CSRとは、Corporate Social Responsibilityの略で、日本語では「企業の社会的責任」と訳されます。企業が利益を追求するだけでなく、従業員、消費者、取引先、地域社会、環境などに与える影響を考え、社会の一員として責任ある行動を取るという考え方です。
1.CSRの意味
CSRは、企業が法令を守るだけでなく、社会から求められる責任を自覚し、事業活動の中で倫理的・社会的な配慮を行うことを指します。寄付やボランティア活動などの社会貢献だけでなく、労働環境の改善、消費者保護、環境負荷の低減、公正な取引、差別やハラスメントの防止などもCSRに含まれます。
かつてCSRは、企業が本業とは別に行う社会貢献活動として語られることも少なくありませんでした。しかし現在では、企業活動そのものが社会に与える影響を管理する考え方として理解されるようになっています。たとえば、商品やサービスの供給過程で人権侵害が起きていないか、取引先に過度な負担をかけていないか、従業員が安全で尊重された環境で働けているかといった点が問われます。
2.制度・法律との関係
CSRそのものは、単一の法律で一律に義務づけられている制度ではありません。企業が自主的に取り組むべき社会的責任として発展してきた考え方です。ただし、CSRに関係する分野には、労働法、消費者保護法制、環境法制、個人情報保護法、男女雇用機会均等法、障害者差別解消法など、さまざまな法律が関わります。

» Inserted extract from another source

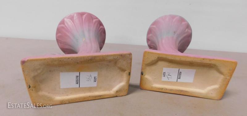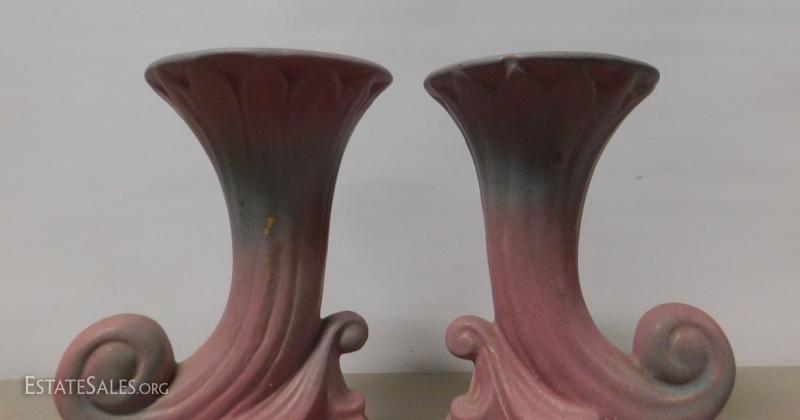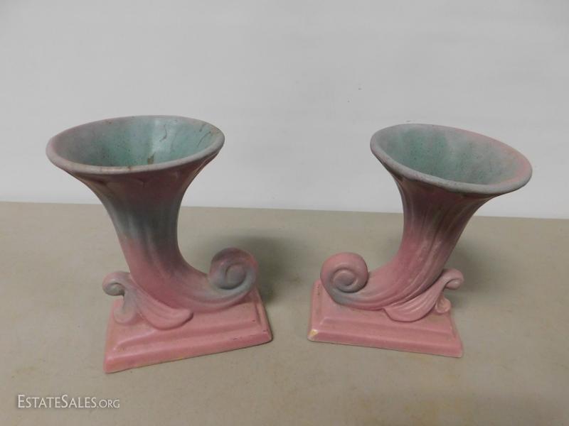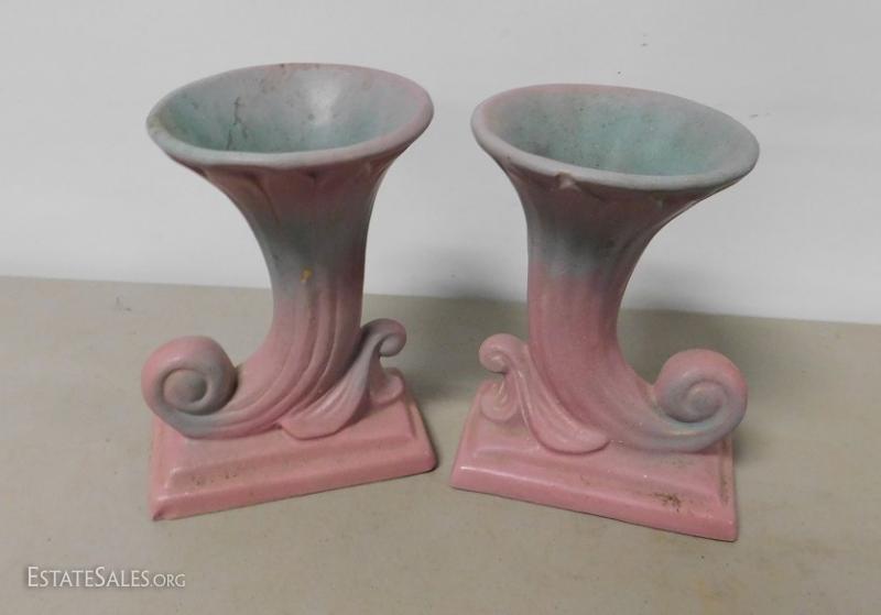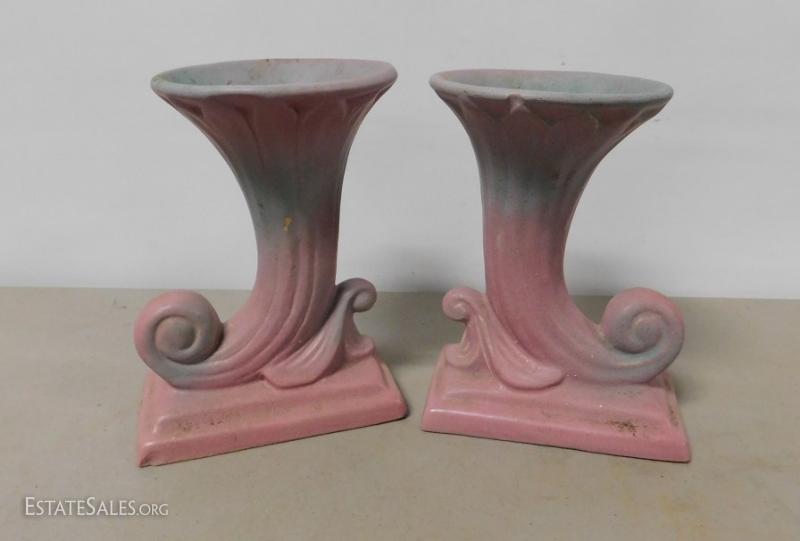 Set of Vintage Pottery Vases unmarked but has the Hull or McCoy appearance. One has small chip on outside lip.

近年は、CSRとESG、サステナビリティ、人権デュー・ディリジェンスとの関係も重視されています。CSRが比較的広く「企業の社会的責任」を示す言葉であるのに対し、ESGは環境・社会・ガバナンスを投資や経営評価の軸として見る考え方です。人権デュー・ディリジェンスは、企業活動による人権への悪影響を特定し、防止・軽減し、対応状況を説明する実務的な手法を指します。
このためCSRは、企業イメージ向上のための活動にとどまらず、企業統治、リスク管理、取引先管理、労務管理と結びつく概念として扱われるようになっています。
3.人権上の論点
CSRにおける人権上の論点は、企業が誰に対して、どのような影響を及ぼしているかを具体的に見る点にあります。企業は雇用主であり、商品・サービスの提供者であり、取引関係を通じて他社の労働環境にも影響を与える存在です。そのため、社内の差別やハラスメントだけでなく、サプライチェーン上の強制労働、児童労働、外国人労働者への不適切な扱い、消費者への不利益、地域住民への影響などもCSRの対象になります。
注意すべきなのは、CSRを「良いことをする活動」とだけ捉えると、企業活動によって生じる負の影響が見えにくくなることです。人権の視点では、企業が寄付や啓発活動を行っているかだけでなく、本業の中で人を傷つけたり、排除したり、不利な立場に置いたりしていないかが問われます。
CSRは、企業が社会から信頼を得るための広報活動ではなく、事業活動の中で人の尊厳や安全、公正な参加機会を損なわないための基本的な考え方として理解する必要があります。特にビジネスと人権の議論では、CSRは出発点であり、実際には人権方針の策定、取引先を含むリスク確認、相談・救済の仕組みづくりへと具体化されることになります。